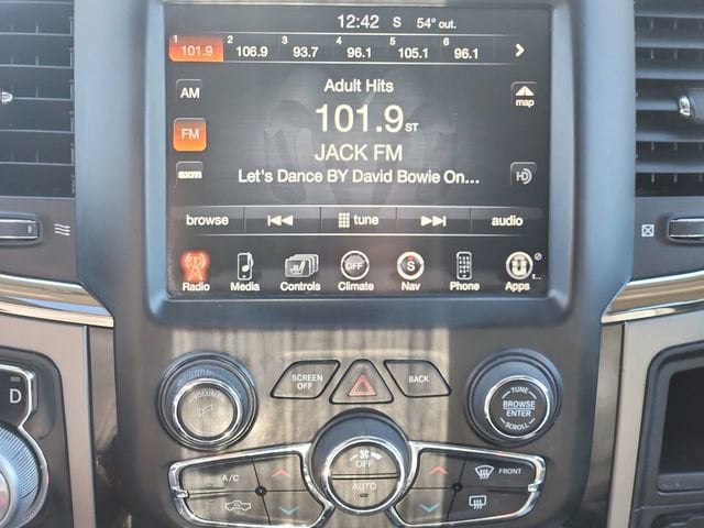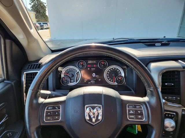 1 Yr. Trial (Registration Required), 115V Auxiliary Power Outlet, 20 x 9 Polished/Painted Aluminum Wheels, 3.21 Rear Axle Ratio, 32 Gallon Fuel Tank, 4-Wheel Disc Brakes, 4x4 Flat Black Badge, 5-Year SiriusXM Traffic Service, 5-Year SiriusXM Travel Link Service, 6 Speakers, 8.4 Touchscreen Display, 9 Amplified Speakers w/Subwoofer, ABS brakes, Adjustable pedals, Air Conditioning, Air Conditioning ATC w/Dual Zone Control, Alloy wheels, AM/FM radio, Anti-Spin Differential Rear Axle, Auto-dimming door mirrors, Auto-dimming Rear-View mirror, Automatic temperature control, Bi-Function Halogen Projector Headlamps, Black Ram 1500 Sport Group, Black Ram Head Tailgate Badge, Body Color/Bright Billets Grille, Brake assist, Bucket Seats, Bumpers: body-color, Class IV Receiver Hitch, Cloth Bucket Seats, Compass, Delay-off headlights, Driver door bin, Driver vanity mirror, Dual front impact airbags, Dual front side impact airbags, Electronic Stability Control, Emergency communication system, Engine Block Heater, Flat Black 5.7L Hemi Badge, Flat Black Ram 1500 Badge, Folding Flat Load Floor Storage, Front anti-roll bar, Front Bucket Seats, Front Center Armrest w/Storage, Front dual zone A/C, Front fog lights, Front reading lights, Front wheel independent suspension, Full Length Floor Console, Fully automatic headlights, Garage door transmitter, GPS Antenna Input, GPS Navigation, Harman Radio Manufacturer, HD Radio, Heated door mirrors, Heated front seats, Heated steering wheel, High Back Seats, Illuminated entry, Integrated Voice Command w/Bluetooth, Leather steering wheel, Low tire pressure warning, Manufacturer's Statement of Origin, Media Hub (SD, USB, AUX), Occupant sensing airbag, Outside temperature display, Overhead airbag, Overhead console, Panic alarm, ParkSense Front/Rear Park Assist System, ParkView Rear Back-Up Camera, Passenger door bin, Passenger vanity mirror, Power door mirrors, Power driver seat, Power Lumbar Adjust, Power steering, Power Sunroof, Power windows, Quick Order Package 26L Sport, Radio data system, Radio: Uconnect 8.4A AM/FM/SXM/BT, Radio: Uconnect 8.4AN AM/FM/SXM/HD/BT/NAV, Rear 60/40 Split Folding Seat, Rear anti-roll bar, Rear seat center armrest, Rear step bumper, Rear Window Defroster, Remote keyless entry, Remote Start & Security Group, Remote Start System, Security Alarm, Single Disc Remote CD Player, SIRIUSXM Satellite Radio, SIRIUSXM Traffic, SiriusXM Travel Link, Speed control, Split folding rear seat, Sport Performance Hood, Sport Premium Group, Steering wheel mounted audio controls, Tachometer, Tilt steering wheel, Traction control, Trip computer, Turn signal indicator mirrors, Uconnect Access, Uconnect Access 1 Year Trial, Variably intermittent wipers, Voltmeter, Wheels: 20 x 9 Semi-Gloss Black Aluminum.
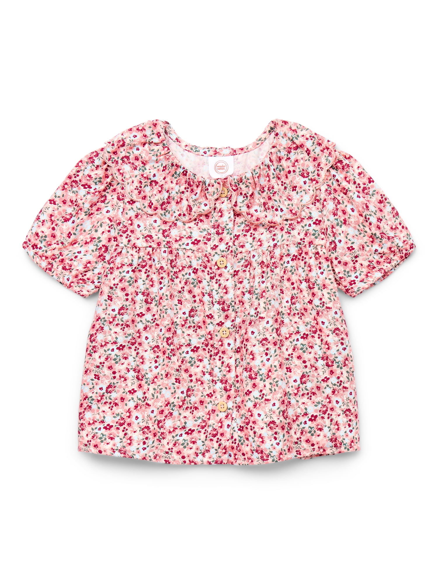 Wonder Nation Toddler Girls Puff Sleeve Top with Lace Trim Sizes 12M
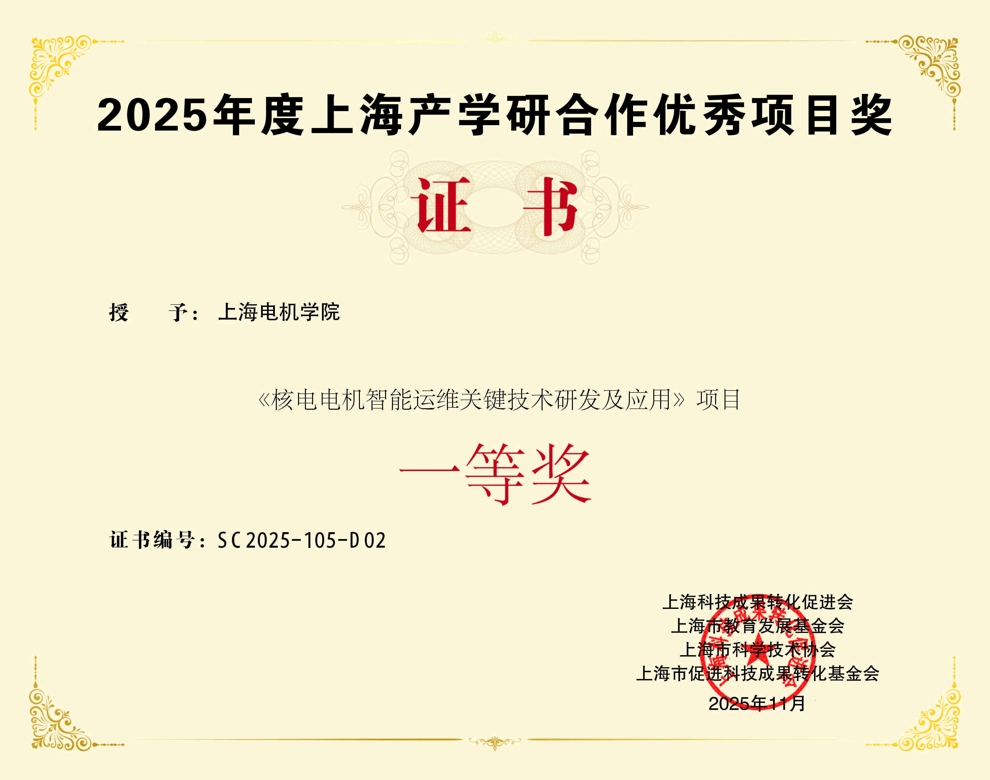 2025年12月26日上午,上海市政协科委(上海市科技成果转化促进会)主办的2025年度“上海产学研合作优秀项目奖”表彰大会于市政协隆重举行。上海市第十届政协主席蒋以任、市政协副主席吴信宝,市教育发展基金会、市科协、科促会等多位领导出席大会。上海电机学院与下属校办企业上海昂电电机有限公司联合申报的“核电电机智能运维关键技术研发及应用”从超200个申报项目中脱颖而出,荣获一等奖,标志着学校在产教融合与科技成果转化领域的社会认可度取得历史性突破。
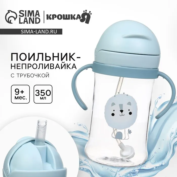 Поильник - непроливайка детский Крошка Я с силиконовой трубочкой и грузиком, от 9 мес., 350 мл., с ручками, голубой — Характеристики
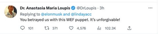 其中抨击者们最主要的一个吐槽点集中在Linda Yaccarino曾经在世界经济论坛(WEF)中所担任的重要职务上。
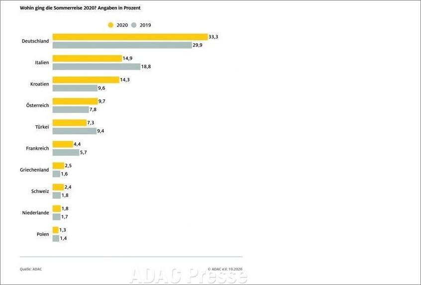 Istraživanje ADAC-a, najvećeg europskog autokluba koji broji više od 21 milijun članova, potvrdilo je okretanje Nijemaca prema domaćim destinacijama za vrijeme korona krize. Osim toga, potvrdilo je i projekcije prema kojima se Hrvatska ubrajala među traženije destinacije zbog dobre epidemiološke situacije te dobre povezanosti cestovnim pravcima sa zemljama srednje Europe, a među kojima je i Njemačka.
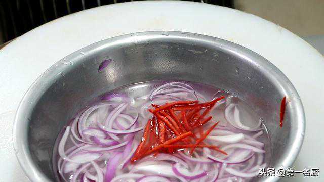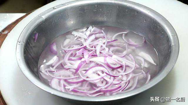 准备洋葱半个切成片,放入盆中,加入适量清水,用手抓散,这一步是为了减少洋葱的辣味,也能防止洋葱刺激到眼睛。
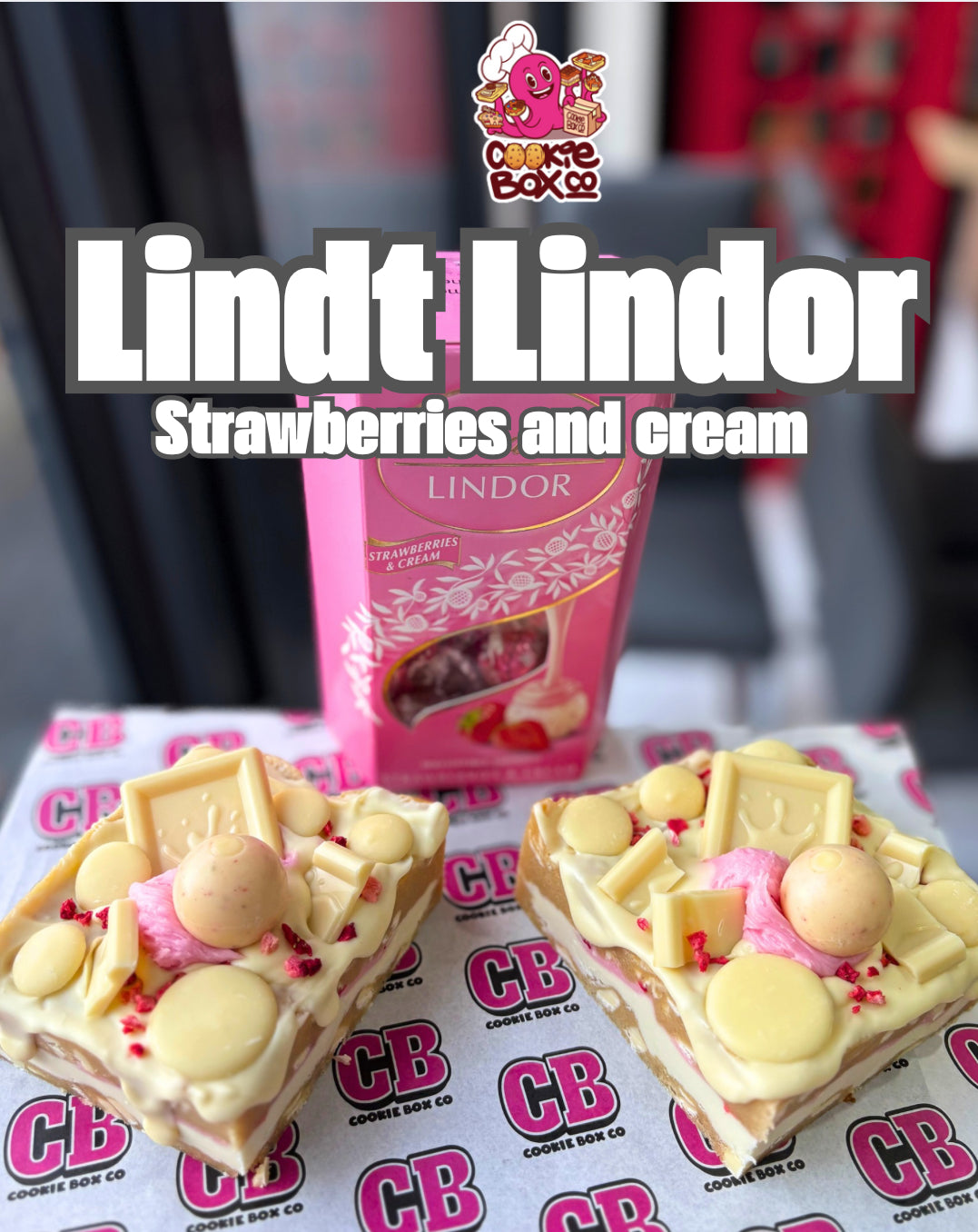 A white chocolate cookie dough chunky hunk with a milkybar ganache centre with a strawberry frosting swirl and freeze dried strawberry pieces. On top a slurry of white chocolate, MilkyBar and Lindt Strawberies and Cream.
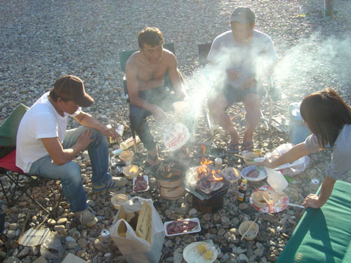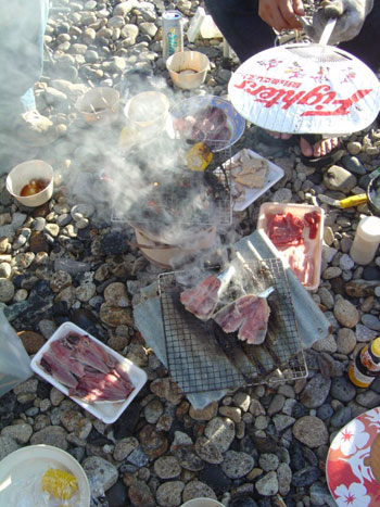 軽く波乗りして、午後早くからみんなで七輪バーベキュー。メインディッシュは秋サンマ、美味かった。
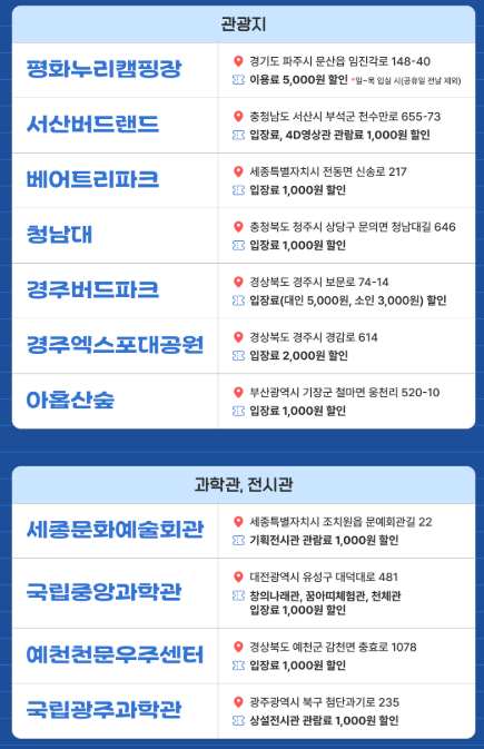 - 박물관, 수목원, 생태원, 영화관 등 관람료나 입장료 할인 혜택 (자세한 혜택 사항은 아래 '세금포인트 혜택 바로가기' 확인)
━━━━━━━━━━
Could you return each entry word for word, with the images omitted?

— Your solution —
 1 Yr. Trial (Registration Required), 115V Auxiliary Power Outlet, 20 x 9 Polished/Painted Aluminum Wheels, 3.21 Rear Axle Ratio, 32 Gallon Fuel Tank, 4-Wheel Disc Brakes, 4x4 Flat Black Badge, 5-Year SiriusXM Traffic Service, 5-Year SiriusXM Travel Link Service, 6 Speakers, 8.4 Touchscreen Display, 9 Amplified Speakers w/Subwoofer, ABS brakes, Adjustable pedals, Air Conditioning, Air Conditioning ATC w/Dual Zone Control, Alloy wheels, AM/FM radio, Anti-Spin Differential Rear Axle, Auto-dimming door mirrors, Auto-dimming Rear-View mirror, Automatic temperature control, Bi-Function Halogen Projector Headlamps, Black Ram 1500 Sport Group, Black Ram Head Tailgate Badge, Body Color/Bright Billets Grille, Brake assist, Bucket Seats, Bumpers: body-color, Class IV Receiver Hitch, Cloth Bucket Seats, Compass, Delay-off headlights, Driver door bin, Driver vanity mirror, Dual front impact airbags, Dual front side impact airbags, Electronic Stability Control, Emergency communication system, Engine Block Heater, Flat Black 5.7L Hemi Badge, Flat Black Ram 1500 Badge, Folding Flat Load Floor Storage, Front anti-roll bar, Front Bucket Seats, Front Center Armrest w/Storage, Front dual zone A/C, Front fog lights, Front reading lights, Front wheel independent suspension, Full Length Floor Console, Fully automatic headlights, Garage door transmitter, GPS Antenna Input, GPS Navigation, Harman Radio Manufacturer, HD Radio, Heated door mirrors, Heated front seats, Heated steering wheel, High Back Seats, Illuminated entry, Integrated Voice Command w/Bluetooth, Leather steering wheel, Low tire pressure warning, Manufacturer's Statement of Origin, Media Hub (SD, USB, AUX), Occupant sensing airbag, Outside temperature display, Overhead airbag, Overhead console, Panic alarm, ParkSense Front/Rear Park Assist System, ParkView Rear Back-Up Camera, Passenger door bin, Passenger vanity mirror, Power door mirrors, Power driver seat, Power Lumbar Adjust, Power steering, Power Sunroof, Power windows, Quick Order Package 26L Sport, Radio data system, Radio: Uconnect 8.4A AM/FM/SXM/BT, Radio: Uconnect 8.4AN AM/FM/SXM/HD/BT/NAV, Rear 60/40 Split Folding Seat, Rear anti-roll bar, Rear seat center armrest, Rear step bumper, Rear Window Defroster, Remote keyless entry, Remote Start & Security Group, Remote Start System, Security Alarm, Single Disc Remote CD Player, SIRIUSXM Satellite Radio, SIRIUSXM Traffic, SiriusXM Travel Link, Speed control, Split folding rear seat, Sport Performance Hood, Sport Premium Group, Steering wheel mounted audio controls, Tachometer, Tilt steering wheel, Traction control, Trip computer, Turn signal indicator mirrors, Uconnect Access, Uconnect Access 1 Year Trial, Variably intermittent wipers, Voltmeter, Wheels: 20 x 9 Semi-Gloss Black Aluminum.
 Wonder Nation Toddler Girls Puff Sleeve Top with Lace Trim Sizes 12M
 2025年12月26日上午,上海市政协科委(上海市科技成果转化促进会)主办的2025年度“上海产学研合作优秀项目奖”表彰大会于市政协隆重举行。上海市第十届政协主席蒋以任、市政协副主席吴信宝,市教育发展基金会、市科协、科促会等多位领导出席大会。上海电机学院与下属校办企业上海昂电电机有限公司联合申报的“核电电机智能运维关键技术研发及应用”从超200个申报项目中脱颖而出,荣获一等奖,标志着学校在产教融合与科技成果转化领域的社会认可度取得历史性突破。
 Поильник - непроливайка детский Крошка Я с силиконовой трубочкой и грузиком, от 9 мес., 350 мл., с ручками, голубой — Характеристики
 其中抨击者们最主要的一个吐槽点集中在Linda Yaccarino曾经在世界经济论坛(WEF)中所担任的重要职务上。
 Istraživanje ADAC-a, najvećeg europskog autokluba koji broji više od 21 milijun članova, potvrdilo je okretanje Nijemaca prema domaćim destinacijama za vrijeme korona krize. Osim toga, potvrdilo je i projekcije prema kojima se Hrvatska ubrajala među traženije destinacije zbog dobre epidemiološke situacije te dobre povezanosti cestovnim pravcima sa zemljama srednje Europe, a među kojima je i Njemačka.
 准备洋葱半个切成片,放入盆中,加入适量清水,用手抓散,这一步是为了减少洋葱的辣味,也能防止洋葱刺激到眼睛。
 A white chocolate cookie dough chunky hunk with a milkybar ganache centre with a strawberry frosting swirl and freeze dried strawberry pieces. On top a slurry of white chocolate, MilkyBar and Lindt Strawberies and Cream.
 軽く波乗りして、午後早くからみんなで七輪バーベキュー。メインディッシュは秋サンマ、美味かった。
 - 박물관, 수목원, 생태원, 영화관 등 관람료나 입장료 할인 혜택 (자세한 혜택 사항은 아래 '세금포인트 혜택 바로가기' 확인)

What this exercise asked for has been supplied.